Housing unaffordability acknowledged but main cause avoided in this public discussion document
The health impacts of housing affordability were discussed but there was no explanation as to why houses were expensive, nor was unaffordability linked to population growth. The report also failed to cover the increasing rates of psychosis and depression associated with increased densities. See, for instance, Kristina Sundquist, Golin Frank, Jan Sundquist, “Urbanisation and incidence of psychosis and depression: Follow-up study of 4.4 million women and men in Sweden,” The British Journal of Psychiatry Mar 2004, 184 (4) 293-298; DOI: 10.1192/bjp.184.4.293 and Lederborgen, F. et al. 2011. “City living and urban upbringing affect neural social stress processing in humans,” Nature 474, 489-501, 23 June 2011, cited by Tony Recsei in Health, Happiness, and Density, New Geography, 2013..

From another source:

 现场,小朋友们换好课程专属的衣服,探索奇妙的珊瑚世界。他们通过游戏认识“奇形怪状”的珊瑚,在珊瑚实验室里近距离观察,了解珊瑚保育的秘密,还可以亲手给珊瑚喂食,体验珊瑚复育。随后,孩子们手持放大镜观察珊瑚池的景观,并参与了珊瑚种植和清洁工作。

No mention of danger of developer-related money-laundering or corruption in safety
There was no mention of how densities, height limits or heritage restrictions can be changed by developers or how some suburbs seem to remain immune from consolidation. Importantly developer-related corruption was ignored even though this has created many of the problems that have arisen including shoddy buildings, money laundering, and even buildings that are unsafe, a situation made worse by government policies of de regulation and privatization.

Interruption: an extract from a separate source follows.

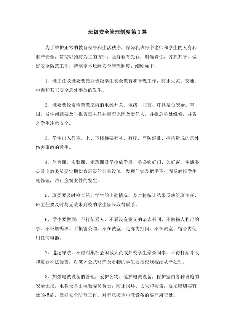 班级安全管理制度第1篇为了维护正常的教育秩序和生活秩序,保障我班每个老师和学生的人身和财产安全,贯彻以预防为主的方针,坚持教育先行,明确责任,齐抓共管,做好安全防范工作,特制定本班级安全管理制度,细则如下:1、班主任及班委要做好班级学生安全教育和管理工作,防止火灾、交通、中毒和其它安全意外事故的发生。2、班委要经常检查教室内的电源开关、电线、门窗、灯具是否安全、牢固,发生问题要及时报告班主任并调查原因及责任人,并报总务处维修,并告之学生注意安全。3、学生出入教室,上、下楼梯要有礼、有序,严防混乱、拥挤造成的意外伤害事故的发生4、体育课、实验课、走班课及学校放学后,务必锁好门、关好窗。生活委员及电教委员要定期检查班级的公共设施,发现门锁及把手不牢固及时报学生处修理,防止盗窃案件的发生。5、班委要及时检查统计学生的出勤情况,及时将统计结果反映给班主任,班主任要及时与无故未到校的学生家长取得联系。6、学生要做到:不打架骂人、不看没有意义的杂志书刊、不做损人利己的事、不吸烟喝酒、不损害公物、不在教室、走廊内打闹、不在教室、宿舍内使用任何电器。7、遵纪守法,不得纠集社会闲散人员或外校学生聚众闹事,不得打架斗殴和进行不法侵害,对破坏公共财产及财物的学生要按校规校纪从严处理。8、加强电教设备的管理,爱护公物、爱护电教设备,保护室内各种设施的安全无损。电教设备由电教委员负责,防止损坏、丢失和被盗,要采取切实有效的措施,做好安全防范工作。对有意破坏电教设备的要严肃查处。

Failure to consider heat-island climate impact
However the biggest flaw in this research paper must be its almost complete failure to consider the effects of climate change on cities even though they are already apparent. There was one mention of the Urban Heat effect which could see temperatures reach 50 degrees, enough to cause breakdowns in important facilities like power supplies , fires to become uncontrollable, and cities unlivable According to a UN report
The effects of urbanization and climate change are converging in dangerous ways. Cities are major contributors to climate change: although they cover less than 2 per cent of the earth’s surface, cities consume 78 per cent of the world’s energy and produce more than 60% of all carbon dioxide and significant amounts of other greenhouse gas emissions, mainly through energy generation, vehicles, industry, and biomass use. At the same time, cities and towns are heavily vulnerable to climate change. Hundreds of millions of people in urban areas across the world will be affected by rising sea levels, increased precipitation, inland floods, more frequent and stronger cyclones and storms, and periods of more extreme heat and cold. Source: “Climate chage – UN-Habitat, https://unhabitat.org/urban-themes/climate-change/
To combat climate change cities need to become more energy efficient and less dependent on external services like power, water, food, waste disposal and sewerage. Increasing density through high rise apartments does not do this. In fact, it increases reliance since they lack enough roof area to collect rain water or solar power for all residents. They often are impossible to design with flow-through' ventilation and thus become dependent on air-conditioning, while the exhaust from the condensers pushes hot air into the streets or other units.
The above comments were a quick analysis of the 128 page document and do not provide a complete picture. However considering the importance of the report there are enough flaws to suggest that it should not be accepted at its face value.